As for visitation, Sands went on, Susie would accept whatever Tom could work out with Dr. Davis at Wake Forest. She would not let the children travel alone. She would be willing to fly with them for a visit in Kentucky or New Mexico if all expenses were paid. Of course, Tom always could visit them in North Carolina with proper notice.
“I am concerned that the children are not seeing enough of their father,” Sands wrote, “and I hope that this problem can be worked out.”
Tom didn’t want to pay to fly Susie to Kentucky or New Mexico or anywhere else. He simply couldn’t afford it, he said. Neither could he afford to take off time from work and pay motel and food bills to visit at length with the boys in North Carolina. He wanted them to visit in a family setting at home.
“Just at the point where I’d think we’d worked out an agreement, there was always some little thing thrown in, some roadblock that would cost another thousand dollars that I couldn’t afford,” he said.
One such roadblock, Tom felt, was Susie’s insistence that the boys were too young to fly alone. In this stand she had found an ally in Dr. Davis. Davis thought one parent should put the boys on the plane, another be waiting for them at their destination. If the boys had to change planes—and there were no direct flights from Greensboro to Albuquerque—that meant either that Susie accompany them to Atlanta, where she could put them on a direct flight to Albuquerque, or that she put them on a flight to Dallas and Tom fly there to meet them and take them on to Albuquerque. Either case required considerable extra expense.
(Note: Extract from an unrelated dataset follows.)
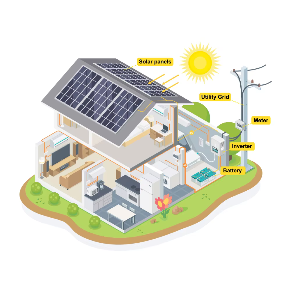 Hệ thống điện mặt trời hybrid là sự kết hợp giữa hệ thống điện mặt trời hòa lưới và điện mặt trời độc lập, sử dụng tấm pin mặt trời, bộ biến tần hybrid và pin lưu trữ để cung cấp điện. Hệ thống này cho phép ưu tiên sử dụng điện mặt trời, lưu trữ năng lượng dư thừa vào pin và vẫn có thể kết nối với lưới điện quốc gia để bù đắp khi cần thiết. Điều này giúp đảm bảo nguồn điện ổn định, tiết kiệm chi phí và có điện dự phòng khi mất điện lưới.

As Tom began to realize that another summer was likely to pass without seeing his sons, his determination not to give in to Susie’s demands hardened.
The continuing conflict was showing on Susie, too, that summer. At one point, she took the boys to Raleigh to a family outing at the home of her cousin David Miller. John and Jim were playing kickball with the other children, and John, who didn’t like to lose, began scrapping with his playmates. Other family members thought the children were just being kids, that John had committed no great offense, that the spat would pass quickly without adult interference. But Susie screamed at John and chased him around, hitting him in the head.
Her cousins were shocked. They had noticed that Susie treated John differently, and they thought it was because Jim was sweet and looked like Susie, while John was aggressive and looked like Tom. But they hadn’t realized that the difference in treatment extended to abuse.
“He’s just got to learn,” Susie kept saying after the incident.
David was so upset that he told other family members he was going to call Tom.
“You can’t just go call the ex-husband,” his sister Nancy told him.
“Somebody’s got to do something,” he replied.
They came to regret not doing anything. “At that time,” Nancy later explained, “we’re thinking Tom’s an SOB. But we realize there’s two sides to every story and we’re asking ourselves, ‘Could you live with Susie?’”
Living with Susie was not easy in September, when she finally was served notice of Tom’s petition for divorce. Tom had instructed his lawyer to take whatever action was necessary for him to see his sons. Susie was livid that the action had been filed nearly a year earlier and that she hadn’t been told about it. She was frightened of the consequences that the petition might hold.
The action requested that all matters, including property and child custody, be settled in New Mexico. It further asked that the separation agreement, the terms of which both had agreed would be part of any divorce settlement, not be included.
The separation agreement granted custody of the boys to Susie, and later Tom said that he really didn’t want custody at that time but agreed to let Rueckhaus include it in the suit as a bargaining tool.
Regardless of its purpose, it struck fear in Susie. She became convinced that Tom wanted to take the boys from her.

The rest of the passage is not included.